Re: Algorithmic Revolution?

From: Tim May <tcmay.domain.name.hidden>
Date: Sun, 24 Nov 2002 09:39:50 -0800

My caveat before commenting: I'm an opinionated person, but I really
don't have any particular theory of everything to share with you. No
dreams theory, no soap bubble theory, no 18-dimensional cellular
automaton theory. I'm currently doing a lot of reading in logic, topos
theory, quantum mechanics, and math in general. I'm more interested
right now in really grasping why the Kochen-Specher says what it says,
for example. Some of you are way ahead of me. Anyway, these are some of
my caveats before plunging in.

On Sunday, November 24, 2002, at 04:26 AM, Colin Hales wrote:

> Hi Folks,
>
> I have chewed this thread with great interest.
>
> Our main gripe is the issue of emergent behaviour and the mathematical
> treatment thereof? Yes? This is the area in which Wolfram claims to
> have
> made progress. (I am still wading my way through his tome).
>
> ***Isn’t the 'algorithmic revolution' really a final acceptance that
> there
> are behaviours in numbers that are simply inaccessible to "closed form"
> mathematical formulae? - That closed-form mathematics cannot traverse
> the
> complete landscape of the solution space in all contexts?

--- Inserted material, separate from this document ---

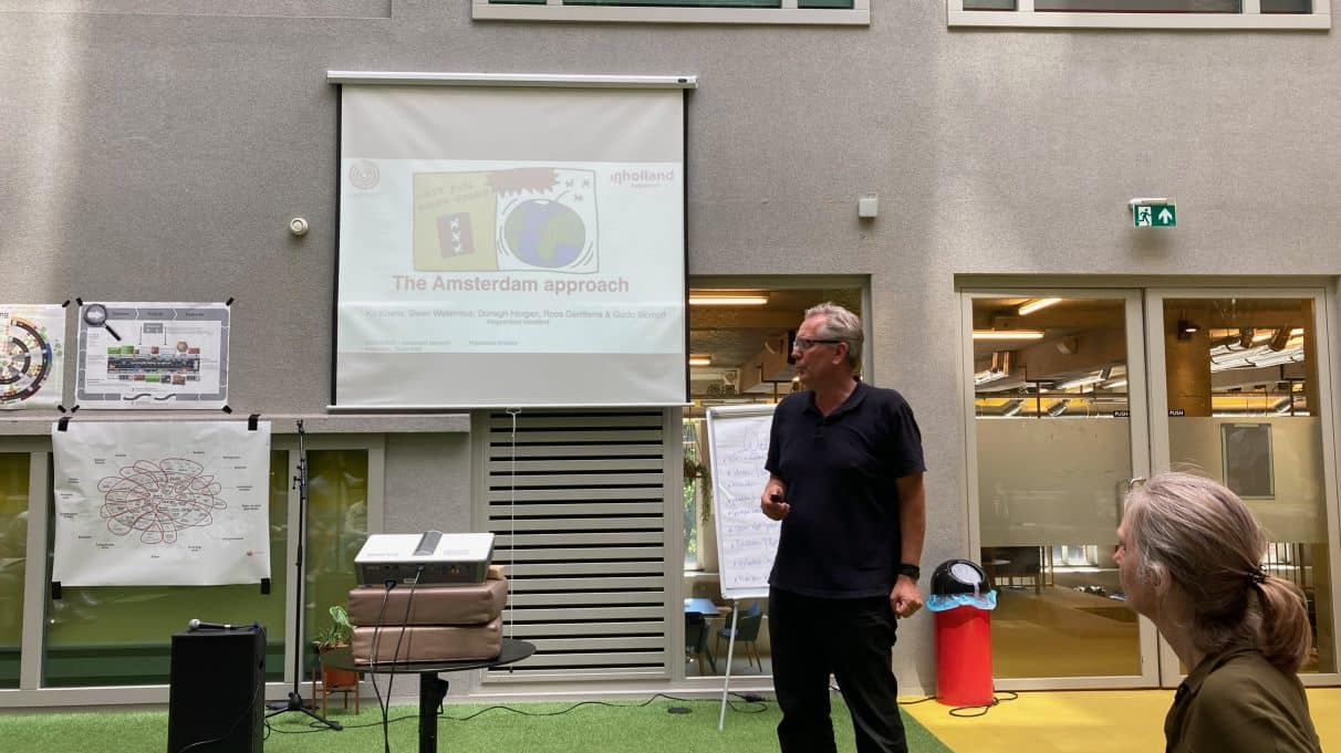 “We zagen het eigenlijk pas toen we in dit Europese consortium zaten; we zijn hartstikke participatief. Dat is voor de andere betrokken steden zeer ongewoon. Wij hebben dit omgedoopt tot de ‘Amsterdam Approach’. Maar er is ook zoiets als participatiemoeheid. Juist de belofte van inspraak maar dat niet kunnen waarmaken, zorgt ervoor dat mensen niet meer wíllen participeren. In de laatste fase van ons onderzoek, het City lab, gaan we onderzoeken hoe we het anders kunnen doen. Hoe kunnen we gedeeld eigenaarschap rondom het toerisme in Amsterdam faciliteren en creëren?” Hoe het anders kan, daarover praten de deelnemers na afloop van de presentatie direct al na. Verbindingen worden gelegd!

And I believe Charles Bennett said all this more clearly and
convincingly with his "logical depth" arguments. (See, for example, his
long essay in an excellent book called "Fifty Years of the Turing
Machine.")

The argument goes like this: suppose one is walking on a beach and
finds a gold watch. The watch has many moving parts, many non-natural
things like the crystal, the case, and much internal structure. (I'm
deliberately mixing in parts of Dawkins' "Blind Watchmaker," as the
arguments are closely related.)

The watch shows evidence that a lot of "processes" have run for a very
long time. Not computer processes, but processes of manufacturing the
components, of fitting them together, of learning what doesn't work and
what does work, and of a serious industrial infrastructure.

Or consider an e. coli organism. Something like 4 GB of genetic
material, measured in bits and bytes (if I recall this correctly...it
doesn't affect the argument if I am off by some factor).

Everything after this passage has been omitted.